• Entries supplied
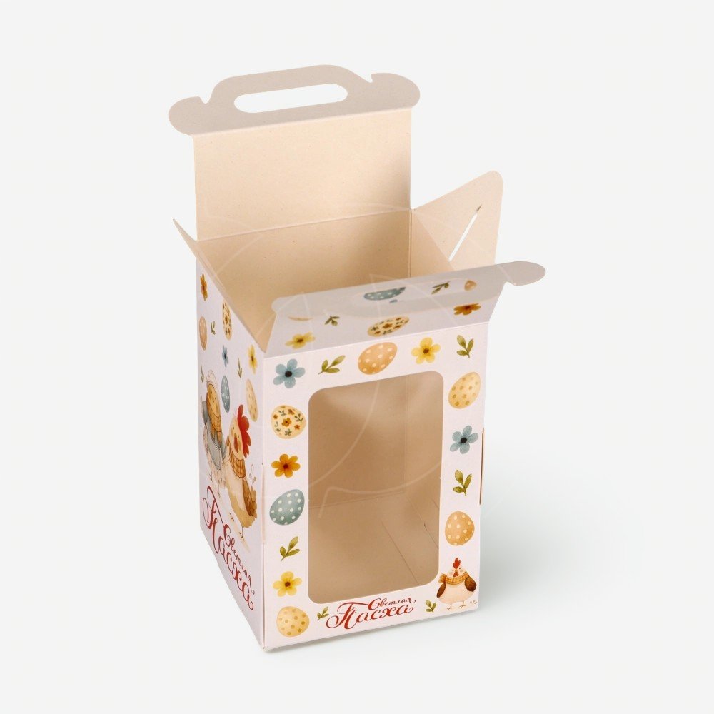 Доставка Коробка для торта/кулича с окном "Курочки" 10х10х15 см из магазина в вашем городе:
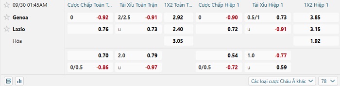 Tip kèo Châu Á hiệp 1 Genoa vs Lazio
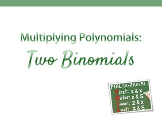 2. Examples are provided of multiplying polynomials using algebra tiles, the distributive property, the box method, and FOIL (First, Outer, Inner, Last).
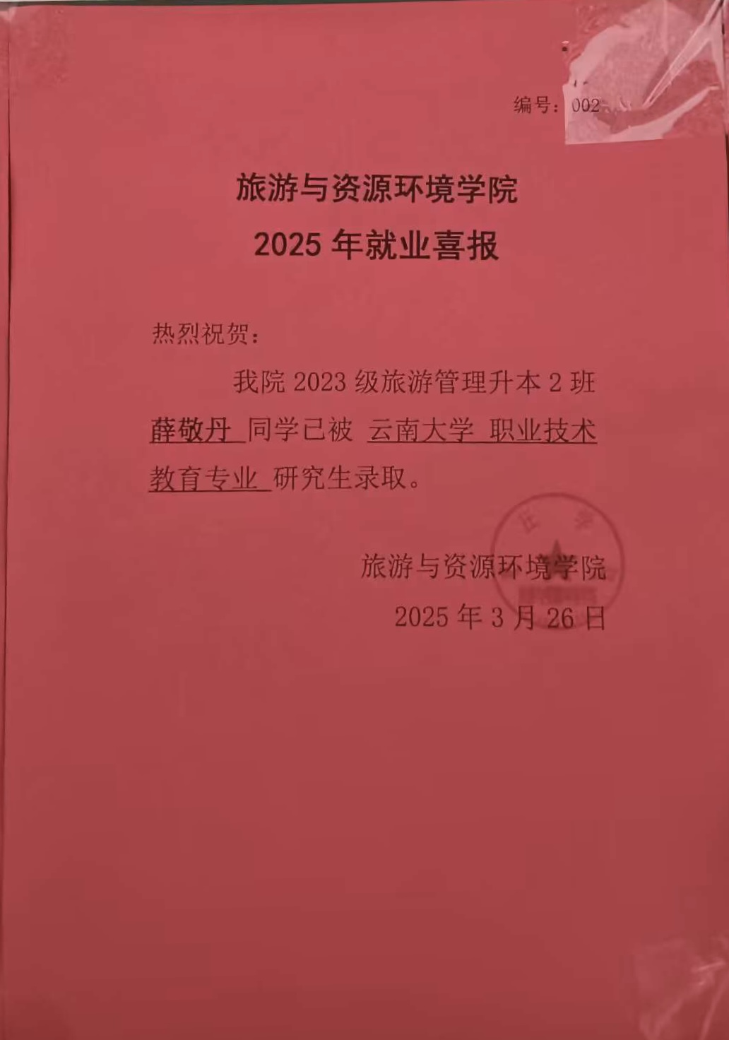 喜报!23旅游管理专升本2班薛敬丹被云南大学录取!
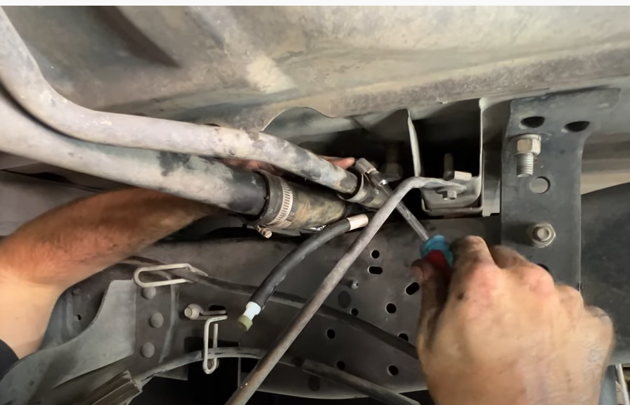 Reinstall the filler and vent lines. Route the front 5/16″ vent line along the top of the frame rail and zip tie to the filler.
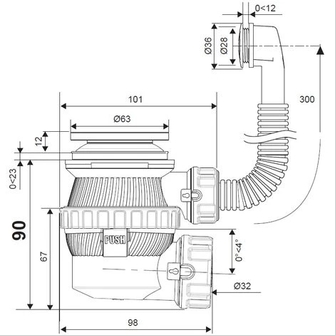 Joint surmoulé pour une fiabilité optimum – Clippage du corp de la bonde. Orientation 360° et inclinaison ±4° . Débit 15 L/mn

• Task objective
Set the pictures aside and reproduce the data above exactly.

• Response area
 Доставка Коробка для торта/кулича с окном "Курочки" 10х10х15 см из магазина в вашем городе:
 Tip kèo Châu Á hiệp 1 Genoa vs Lazio
 2. Examples are provided of multiplying polynomials using algebra tiles, the distributive property, the box method, and FOIL (First, Outer, Inner, Last).
 喜报!23旅游管理专升本2班薛敬丹被云南大学录取!
 Reinstall the filler and vent lines. Route the front 5/16″ vent line along the top of the frame rail and zip tie to the filler.
 Joint surmoulé pour une fiabilité optimum – Clippage du corp de la bonde. Orientation 360° et inclinaison ±4° . Débit 15 L/mn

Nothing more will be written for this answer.